For years, I really thought I had "boyfriends". Of course there were the ones with only one foot out of the closet who would sometimes make out with me. The only time I ever came home with a hickey was from a gay man (aptly named BJ) but I didn't really know how to tell my furious mother that, so I let her think she was raising a potential slut for the convenience of heterosexual assumption.

Then one night I was watching as a drag queen successfully hit on this really hot guy. Sure, "she" was gorgeous and had a much better butt than me, but as I watched her Adam's apple bobbing up and down and listened to her deep, husky voice with its femme fatale cadence, while my friend Joe simultaneously tried to convince me to distract one guy while he had sex in the bathroom with another, it hit me like a ton of bricks: YOU ARE NEVER GOING TO GET LAID IF YOU CONTINUE TO HANG OUT WITH GAY MEN.

Maybe it was that I was maturing or that I needed more male attention below the neck, but my libido was crying out to me and it was time that I listened. I had to break up with my homos.

I genuinely enjoyed hanging out with them and to this day, I have the best times with my gay friends, but being a wing "fag hag" just isn't enough and they weren't willing to compromise. To be in a bar around straight men (the gays ultimate conquest, btw) watching them drool over women without the hope of a date was akin to a vampire in a room full of pulsating vein filled necks they couldn't bite.

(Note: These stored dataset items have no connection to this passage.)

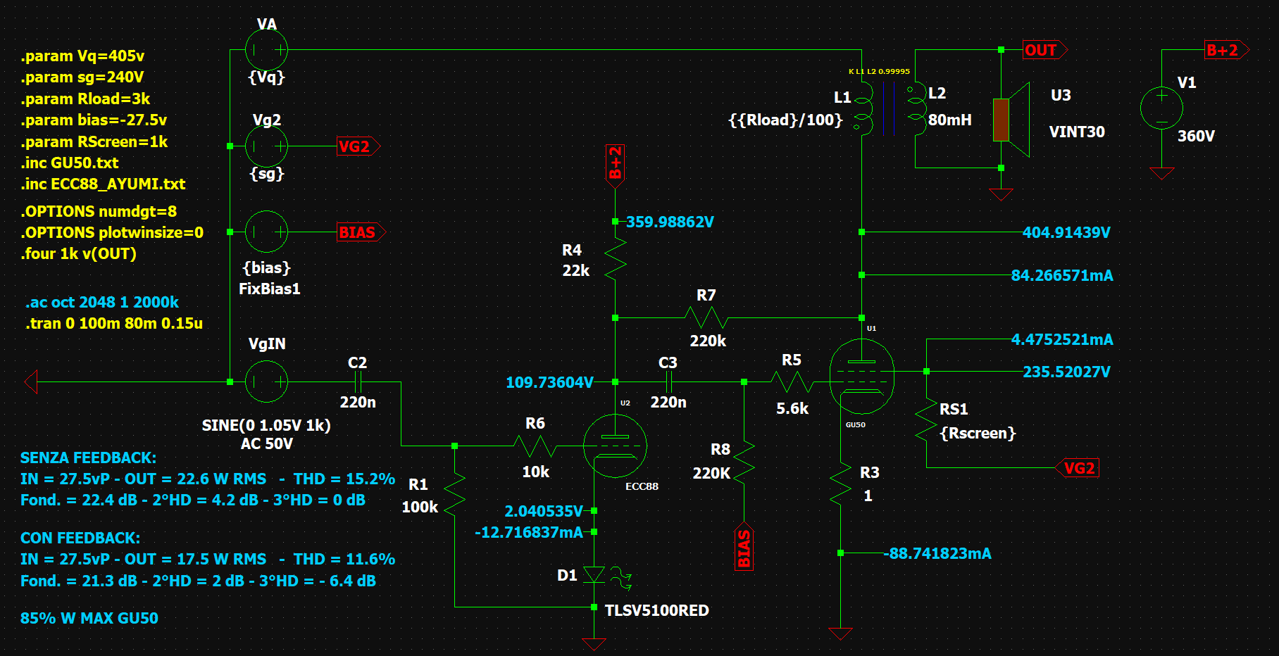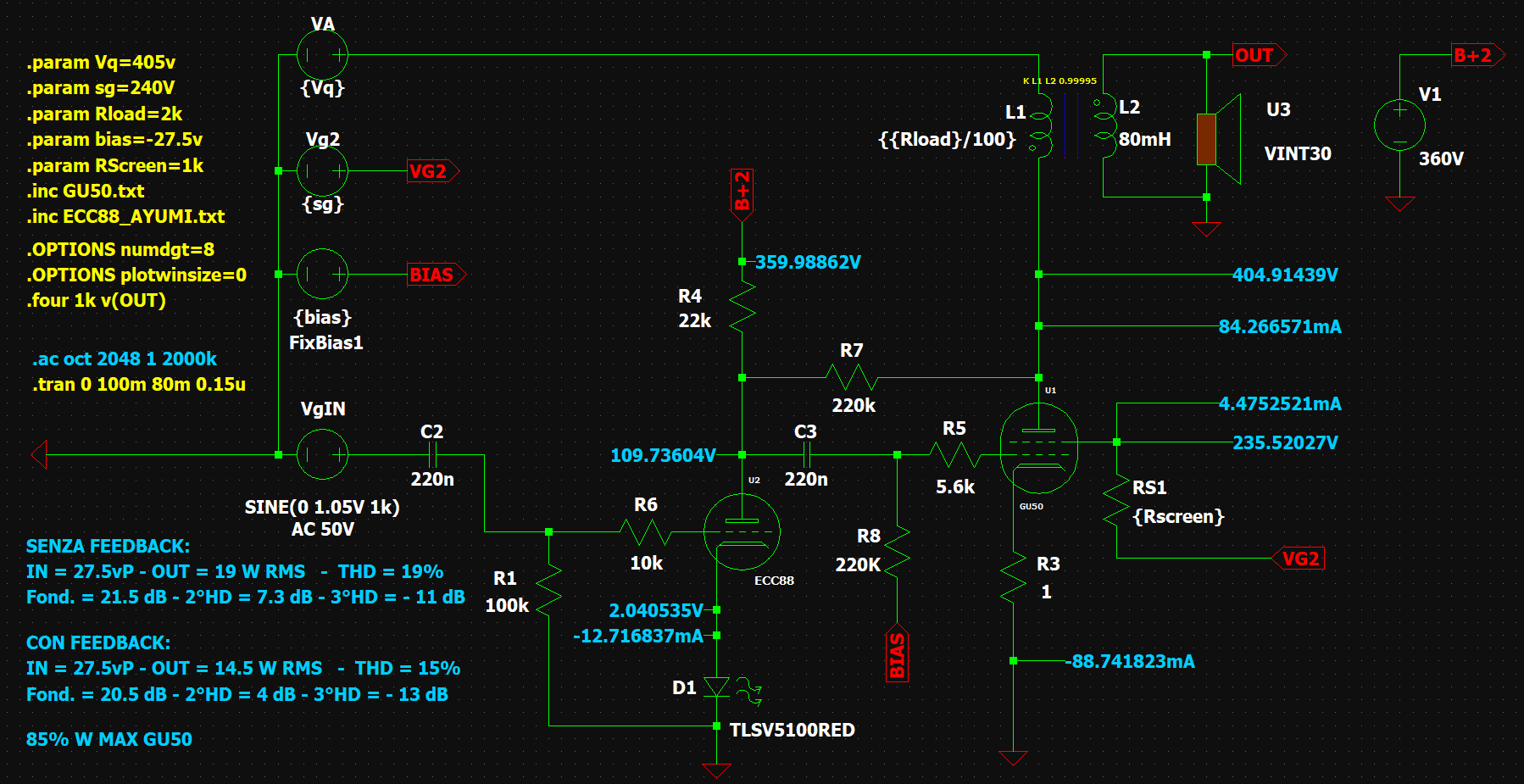 Nel senso che non sono riuscito a far cambiare le curve minimamente nella simulazione grafica pur mettendo il triodo ed il feedback.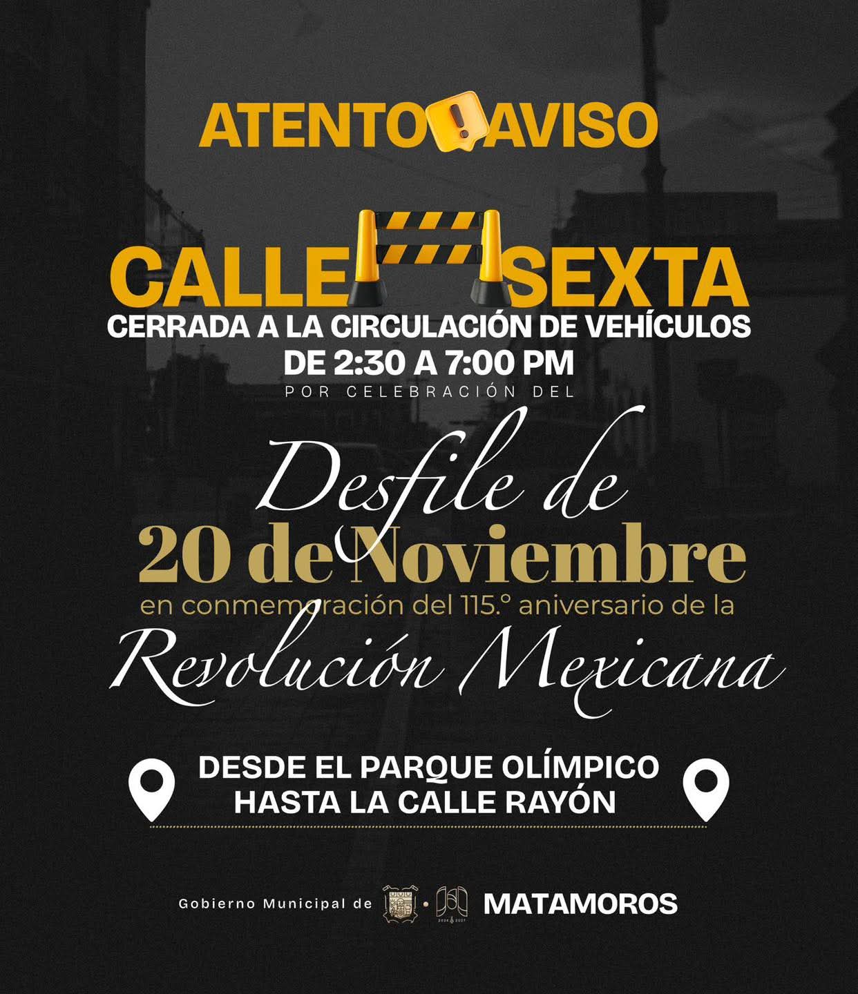 Matamoros, Tam.- El Gobierno de Matamoros, encabezado por Beto Granados, informó que con motivo del desfile conmemorativo del 20 de noviembre, la Calle Sexta permanecerá cerrada a la circulación vehicular este miércoles, en un horario de 2:30 de la tarde a 7:00 de la noche.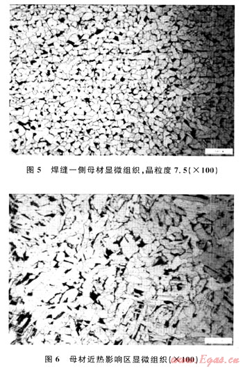 顯微組織及夾雜物分析結(jié)果表明:管線母材顯微組織為鐵素體+珠光體,有少量帶狀組織,且晶粒度為7.5級(jí)(圖5);熱影響區(qū)組織為鐵素體+珠光體,晶粒度分布極不均勻,范圍為5.5~9.5級(jí)(圖6);焊縫熔池組織為鐵素體+少量珠光體+少量魏氏組織,晶粒度為8.5級(jí)(圖7、8)。綜合評(píng)定該管線焊縫熔合情況為完全熔合。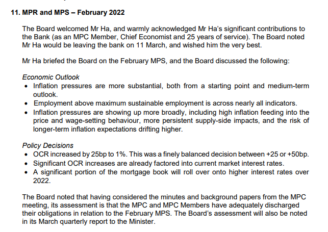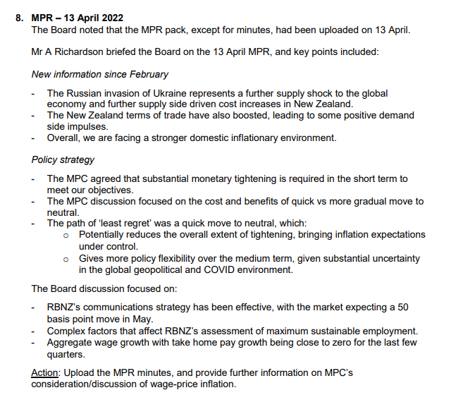 That should be unacceptable: the Governor and MPC are statutorily accountable via the Board, and the idea that management might refuse to supply information to the Board because the Board’s report – even with some redactions – to the Minister might be released (with some lag) should have been unacceptable. But we needn’t worry that there might be anything very revealing in such a report: take a look at the March Board extract above, and you’ll see they record there that they were going to tell the Minister all was fine.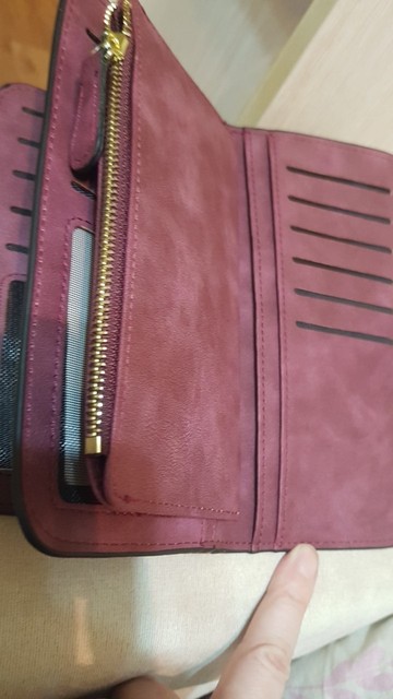 Delivery within 27 days. Purse without damage, smooth lines, neat. Nice to the touch. Has no pungent smell. Light Weight. Has 6 compartments for bills. Zipper is good. Button keeps excellent, closed with little effort. Seller recommend.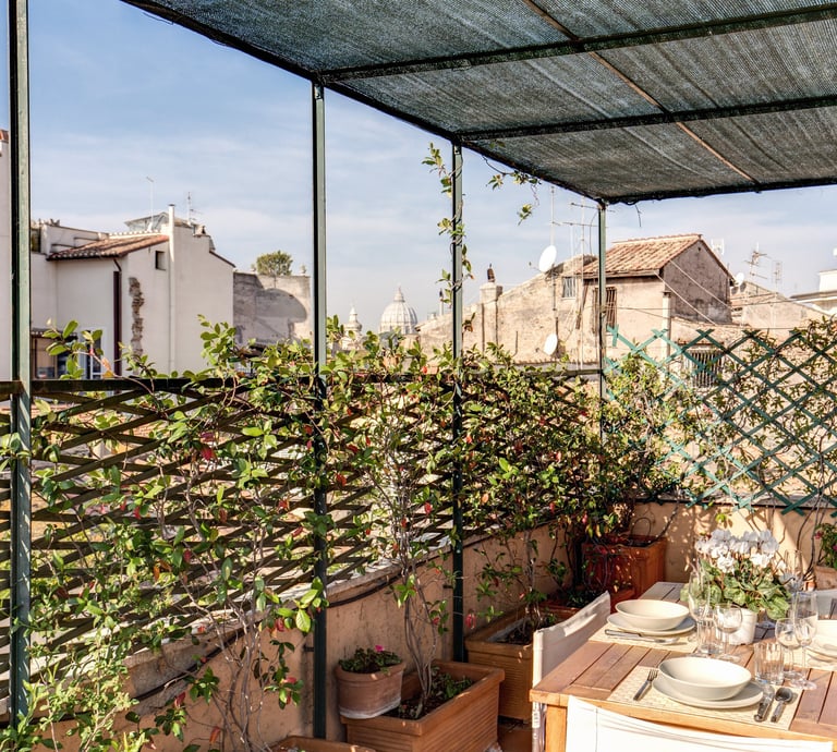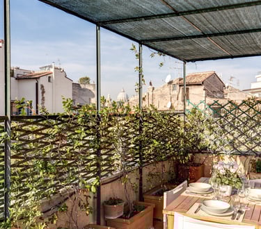 Un’oasi di pace nel cuore di Roma: attico e superattico in Via dei Cappellari, con una magnifica terrazza fiorita che regala una vista mozzafiato a 360°, da San Pietro alle cupole del centro storico.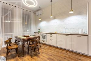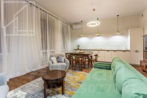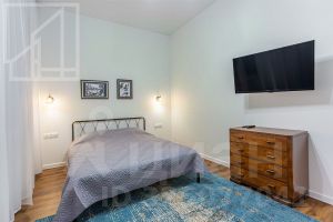 Планировка включает две большие спальни, просторную кухню-гостиную, отдельную постирочную-гардеробную, большой санузел. Потолки 3.5м. Квартира полностью меблирована и оснащена всей необходимой техникой.
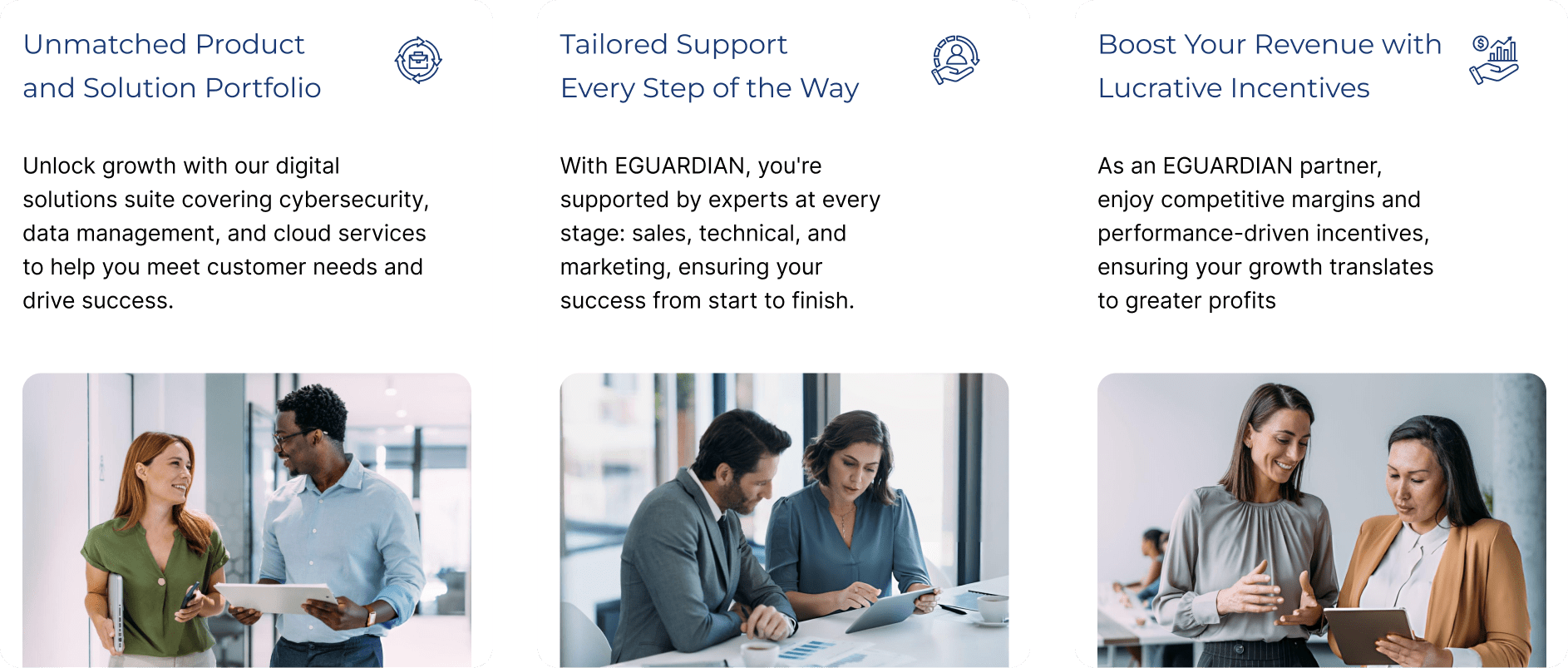 Becoming an EGUARDIAN Solution Partner is completely free, offering high value with exclusive enablement resources, certifications, and dedicated support.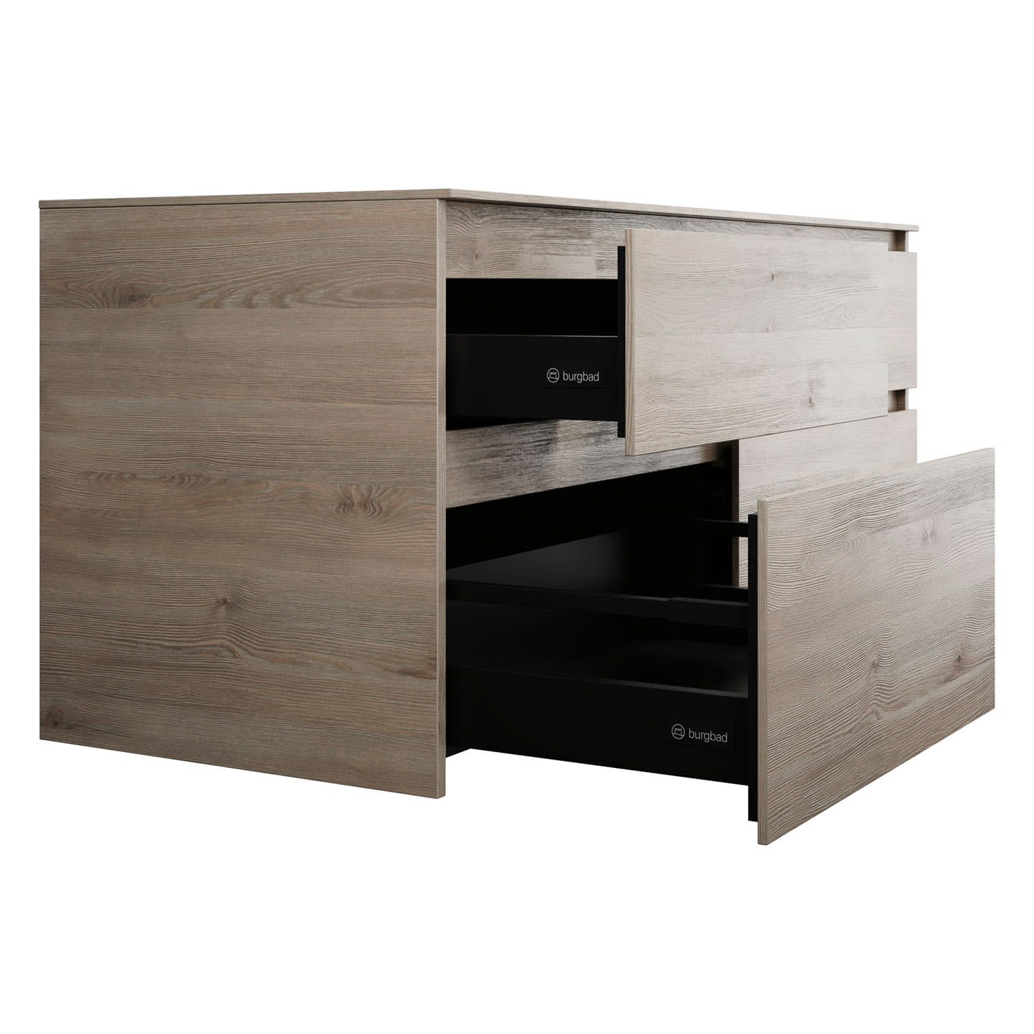 burgbad Lin20 Waschtischunterschrank mit Konsolenplatte 140 cm, 4 Auszüge, Beckenausschnitt links und rechts

We could still "be friends" but I just couldn't spend every waking moment with them anymore. This didn't fare well with most of them and after I met the love of my life, it really turned sour. My main homo, Greg, who I had planned to start a family with where he could go off with men and I could, well, take care of the kids (side note: WHAT WAS I THINKING?!?) didn't take it so well. He made me mix tapes all with songs relating to the true value of friendship and every conversation turned into how friends stuck with you till the end but when romance was involved one was always taking a huge chance and setting oneself up for potential disaster. I realized then that the gays could be as selfish as the heteros when they wanted their women, but that my primal need for sex and affection could only be relieved by one of the two.

So in essence, it is never you my dear gay boyfriends, it's just my libido.

3 comments:

  1. Wow. I can relate to so much of what you wrote. I, too had the epiphany that I had to start hanging out with a different crowd if I wanted to meet somebody, only I promptly met someone who ended up being pretty awful. I miss my gay friends so much now. Everyone is in NYC or Chicago. I need to find a gay boyfriend here in Cleveland, one that wont be jealous of the gay husbands I've had for years.
    Love your blog, by the way. Found it through Reavis's post.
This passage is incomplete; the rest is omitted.